__What to do__.
Beginning at the line containing "ప్రజాభూమి ప్రతినధి - కొత్తపేట" and continuing to the end of the records below, give each line again exactly as it stands, and only those lines.

[Records for this exercise — start]

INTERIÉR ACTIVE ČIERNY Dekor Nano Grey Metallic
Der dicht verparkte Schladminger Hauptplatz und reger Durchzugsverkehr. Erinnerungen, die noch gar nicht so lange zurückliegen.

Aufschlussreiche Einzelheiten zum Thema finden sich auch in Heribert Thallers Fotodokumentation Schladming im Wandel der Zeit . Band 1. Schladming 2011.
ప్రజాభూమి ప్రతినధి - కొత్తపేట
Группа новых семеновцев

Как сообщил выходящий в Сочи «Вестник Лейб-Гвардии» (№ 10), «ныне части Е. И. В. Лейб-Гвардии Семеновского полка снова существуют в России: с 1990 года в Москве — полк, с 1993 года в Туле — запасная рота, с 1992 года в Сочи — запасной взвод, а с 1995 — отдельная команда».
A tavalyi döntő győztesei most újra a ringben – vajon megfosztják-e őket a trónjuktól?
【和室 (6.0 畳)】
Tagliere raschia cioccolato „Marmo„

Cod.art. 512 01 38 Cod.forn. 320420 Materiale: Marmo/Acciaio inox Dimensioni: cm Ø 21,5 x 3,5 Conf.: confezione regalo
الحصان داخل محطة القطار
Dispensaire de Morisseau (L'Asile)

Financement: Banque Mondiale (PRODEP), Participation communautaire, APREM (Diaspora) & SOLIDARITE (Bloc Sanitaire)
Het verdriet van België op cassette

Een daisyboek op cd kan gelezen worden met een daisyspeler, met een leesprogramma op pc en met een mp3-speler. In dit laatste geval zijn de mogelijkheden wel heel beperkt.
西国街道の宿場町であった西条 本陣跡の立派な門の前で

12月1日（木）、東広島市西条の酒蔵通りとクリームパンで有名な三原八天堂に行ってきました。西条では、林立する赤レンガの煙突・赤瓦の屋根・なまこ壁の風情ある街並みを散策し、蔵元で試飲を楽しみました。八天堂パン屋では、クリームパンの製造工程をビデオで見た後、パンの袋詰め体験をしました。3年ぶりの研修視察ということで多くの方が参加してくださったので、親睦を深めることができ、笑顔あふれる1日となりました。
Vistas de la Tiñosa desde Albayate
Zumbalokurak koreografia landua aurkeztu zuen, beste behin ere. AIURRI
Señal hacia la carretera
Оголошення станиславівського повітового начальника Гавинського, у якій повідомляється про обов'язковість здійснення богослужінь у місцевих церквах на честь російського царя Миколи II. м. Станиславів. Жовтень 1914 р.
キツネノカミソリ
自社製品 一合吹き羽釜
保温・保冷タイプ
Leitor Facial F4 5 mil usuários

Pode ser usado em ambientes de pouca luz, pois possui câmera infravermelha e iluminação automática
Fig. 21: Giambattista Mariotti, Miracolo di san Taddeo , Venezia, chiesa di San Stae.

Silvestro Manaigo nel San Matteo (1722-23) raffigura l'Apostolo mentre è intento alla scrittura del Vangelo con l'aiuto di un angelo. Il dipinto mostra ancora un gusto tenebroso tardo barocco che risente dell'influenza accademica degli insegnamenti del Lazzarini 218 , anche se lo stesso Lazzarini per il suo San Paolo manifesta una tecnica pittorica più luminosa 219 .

[Records for this exercise — finish]

__Answer box__.
ప్రజాభూమి ప్రతినధి - కొత్తపేట
Группа новых семеновцев

Как сообщил выходящий в Сочи «Вестник Лейб-Гвардии» (№ 10), «ныне части Е. И. В. Лейб-Гвардии Семеновского полка снова существуют в России: с 1990 года в Москве — полк, с 1993 года в Туле — запасная рота, с 1992 года в Сочи — запасной взвод, а с 1995 — отдельная команда».
A tavalyi döntő győztesei most újra a ringben – vajon megfosztják-e őket a trónjuktól?
【和室 (6.0 畳)】
Tagliere raschia cioccolato „Marmo„

Cod.art. 512 01 38 Cod.forn. 320420 Materiale: Marmo/Acciaio inox Dimensioni: cm Ø 21,5 x 3,5 Conf.: confezione regalo
الحصان داخل محطة القطار
Dispensaire de Morisseau (L'Asile)

Financement: Banque Mondiale (PRODEP), Participation communautaire, APREM (Diaspora) & SOLIDARITE (Bloc Sanitaire)
Het verdriet van België op cassette

Een daisyboek op cd kan gelezen worden met een daisyspeler, met een leesprogramma op pc en met een mp3-speler. In dit laatste geval zijn de mogelijkheden wel heel beperkt.
西国街道の宿場町であった西条 本陣跡の立派な門の前で

12月1日（木）、東広島市西条の酒蔵通りとクリームパンで有名な三原八天堂に行ってきました。西条では、林立する赤レンガの煙突・赤瓦の屋根・なまこ壁の風情ある街並みを散策し、蔵元で試飲を楽しみました。八天堂パン屋では、クリームパンの製造工程をビデオで見た後、パンの袋詰め体験をしました。3年ぶりの研修視察ということで多くの方が参加してくださったので、親睦を深めることができ、笑顔あふれる1日となりました。
Vistas de la Tiñosa desde Albayate
Zumbalokurak koreografia landua aurkeztu zuen, beste behin ere. AIURRI
Señal hacia la carretera
Оголошення станиславівського повітового начальника Гавинського, у якій повідомляється про обов'язковість здійснення богослужінь у місцевих церквах на честь російського царя Миколи II. м. Станиславів. Жовтень 1914 р.
キツネノカミソリ
自社製品 一合吹き羽釜
保温・保冷タイプ
Leitor Facial F4 5 mil usuários

Pode ser usado em ambientes de pouca luz, pois possui câmera infravermelha e iluminação automática
Fig. 21: Giambattista Mariotti, Miracolo di san Taddeo , Venezia, chiesa di San Stae.

Silvestro Manaigo nel San Matteo (1722-23) raffigura l'Apostolo mentre è intento alla scrittura del Vangelo con l'aiuto di un angelo. Il dipinto mostra ancora un gusto tenebroso tardo barocco che risente dell'influenza accademica degli insegnamenti del Lazzarini 218 , anche se lo stesso Lazzarini per il suo San Paolo manifesta una tecnica pittorica più luminosa 219 .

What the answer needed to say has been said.